MATERIALS AND METHODS

Study Setting and Design

Co-Stars was a 1-year single-center, 2-arm, prospective cohort study of healthcare workers at Great Ormond Street Hospital for Children, London. The study was approved to start by the UK National Health Service Health Research Authority on 29 April 2020 and registered on ClinicalTrials.gov (NCT04380896). Written informed consent was obtained from all participants before recruitment. The Study Protocol and Supplementary Methods and Materials submitted with this article include detailed methods, power calculations. and the data analysis approach.

Study Participants

All hospital staff members ≥18 years of age were eligible for the study, provided they did not display symptoms consistent with SARS-CoV-2 infection at recruitment. Those who were significantly immunosuppressed or who had previously received blood products (including immunoglobulins or convalescent sera) since September 2019 were excluded from the study.

Data Collection

Participants undertook a detailed, standardized online questionnaire at study entry. This included sociodemographic factors, details of previous exposure to and symptomatic episodes consistent with COVID-19, any subsequent complications, previous SARS-CoV-2 diagnostic test results, medical and contact history, and a comprehensive assessment of risk factors for exposure, susceptibility to infection, and severe disease. Blood samples were also taken at baseline and each follow-up visit for SARS-CoV-2 serology.

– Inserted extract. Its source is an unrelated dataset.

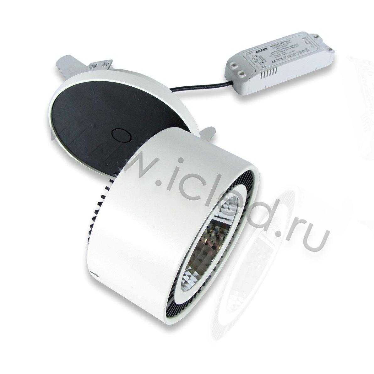 Встраиваемый потолочный светодиодный светильник. Круглый, белый с черным корпус с отражателем. Напряжение 110-230V, мощность 23W, цвет свечения дневной белый 4000-4500K, световой поток 1772Lm, угол свечения 18-30 градусов. Диаметр 125мм.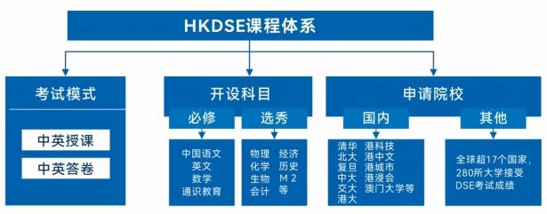 HKDSE,即香港高中生升本科的官方考试(Hong Kong Diploma of Secondary Education (HKDSE),也被称为“香港高考”,学校开设四年制DSE课程,其中*含DSE课程预科班,并组织学生参加由香港考评局主办的国际课程考试,作为全球唯一可用中文作答的国际课程考试,帮助学生轻松升入中国香港、澳门及新加坡以欧美主流国家的**高校。

Polymerase Chain Reaction Measurement of SARS-CoV-2 Serum Antibody and Viral RNA

All 3657 participants underwent a screening enzyme-linked immunosorbent assay (ELISA) with the EDI assay. Those who were identified as seropositive by the EDI assay and provided ≥2 samples had serology repeated by the Meso Scale Discovery (MSD) Chemiluminescent assay that simultaneously detects and quantifies anti–SARS-CoV-2 IgG specific for trimeric S protein, RBD, and N.

Follow-up Appointments

All seropositive participants were followed up monthly for repeat antibody testing. Seronegative participants were followed up every 6 months. At each follow-up visit, participants completed a shortened version of the baseline questionnaire, focusing on any recurrent COVID-19 exposure and/or symptoms.

Study Outcomes

The primary outcome of the study was to establish humoral dynamics after SARS-CoV-2 infection. Kaplan-Meier survival analysis was used to compare and plot the time to negativity for each antibody. Two mixed effects gamma models were used to predict the antibody trajectory over time (Supplementary Methods). The “gamma-decay model” hypothesized continuous antibody decay and did not account for long-lived plasma cell antibody production. In contrast, the “gamma-plateau” model allowed for 2 phases of plasma cell production: “short-lived” plasma cells, followed by a subsequent robust long-lived plasma cell response that maintains circulating long-term antibody titers [31].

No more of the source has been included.